[ad_1]
It’s been precisely a decade since I began attending GeekCon (sure, a geeks’ convention 🙂) — a weekend-long hackathon-makeathon by which all initiatives have to be ineffective and just-for-fun, and this yr there was an thrilling twist: all initiatives had been required to include some type of AI.
My group’s mission was a speech-to-text-to-speech sport, and right here’s the way it works: the person selects a personality to speak to, after which verbally expresses something they’d prefer to the character. This spoken enter is transcribed and despatched to ChatGPT, which responds as if it had been the character. The response is then learn aloud utilizing text-to-speech expertise.

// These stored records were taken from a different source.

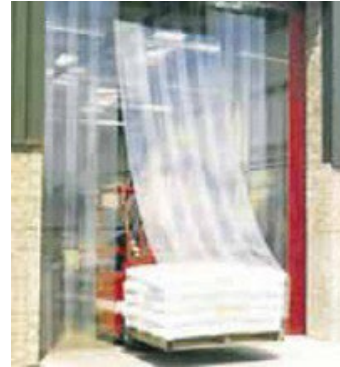
22. Bird Entrance Barrier Plastic strip curtains or chain link doors for preventing entry of birds into rearing sheds.
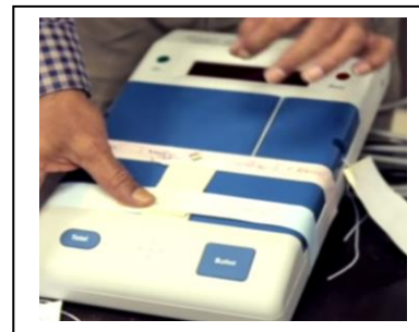
Sealing with Outer Paper Strip Seal (ABCD Seal)
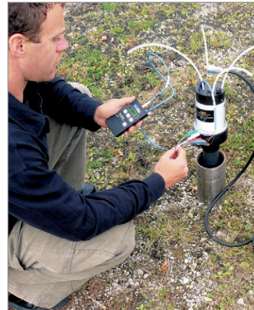
Collecting a sample from a dedicated DVP and taking pressure measurements with Model 404 Geokon Vibrating Wire Readout (above).

Pump control units are simple to use. They have quick-connect couplings with only a single connection to the manifold required. Samples from all levels are easily and rapidly obtained. Purging from some or all levels simultaneously is accommodated by the multi-purge feature of the manifold.
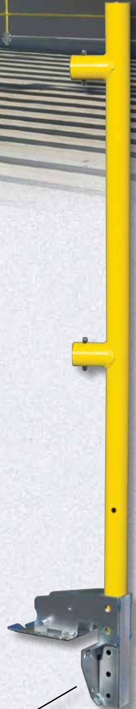
Gravel Stop Bracket

Each Zip Rail System comes with everything needed for 420 feet of fall protection, all packed in one stackable container. The Zip Rail stackable container comes with forklift pockets on each side and hoisting rings for roof top delivery.
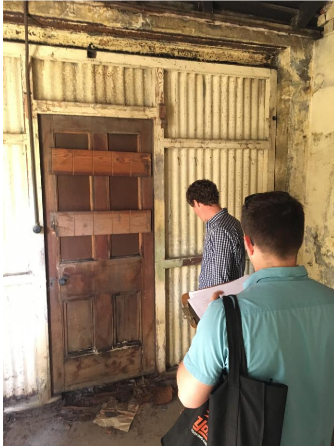
Figure 15 Location of Proposed Bathrooms
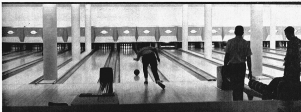
Sixteen bowling lanes are located in the basement. Billiards are also available in the games area. Both are innovations in student recreational facilities at the University.
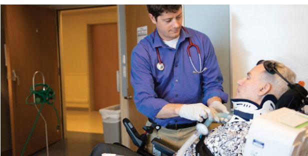
Respiratory therapists at Craig work with SCI patients on ventilators.

Ventilator-Dependent and Weaning Programs: Craig's Respiratory Care Department has been working with ventilator-dependent patients with spinal cord injury during rehabilitation for more than three decades. Our ventilator weaning program is extremely successful, with an excellent reputation for comfortably weaning patients off mechanical ventilation while they are undergoing rehabilitation.

Now that the sport is up and working, bringing laughs and enjoyable, I’ve crafted this how-to information that can assist you create an analogous sport by yourself. All through the article, we’ll additionally discover the varied issues and selections we made in the course of the hackathon.
Need to see the complete code? Here is the link!
As soon as the server is working, the person will hear the app “speaking”, prompting them to decide on the determine they wish to speak to and begin conversing with their chosen character. Every time they wish to speak out loud — they need to press and maintain a key on the keyboard whereas speaking. After they end speaking (and launch the important thing), their recording can be transcribed by Whisper
(a text-to-speech mannequin by OpenAI
), and the transcription can be despatched to ChatGPT
for a response. The response can be learn out loud utilizing a text-to-speech library, and the person will hear it.
Disclaimer
Word: The mission was developed on a Home windows working system and incorporates the pyttsx3
library, which lacks compatibility with M1/M2 chips. As pyttsx3
isn’t supported on Mac, customers are suggested to discover various text-to-speech libraries which are appropriate with macOS environments.
Openai Integration
I utilized two OpenAI
fashions: Whisper
, for speech-to-text transcription, and the ChatGPT
API for producing responses based mostly on the person’s enter to their chosen determine. Whereas doing so prices cash, the pricing mannequin could be very low-cost, and personally, my invoice remains to be below $1 for all my utilization. To get began, I made an preliminary deposit of $5, and so far, I’ve not exhausted this accretion, and this preliminary deposit received’t expire till a yr from now.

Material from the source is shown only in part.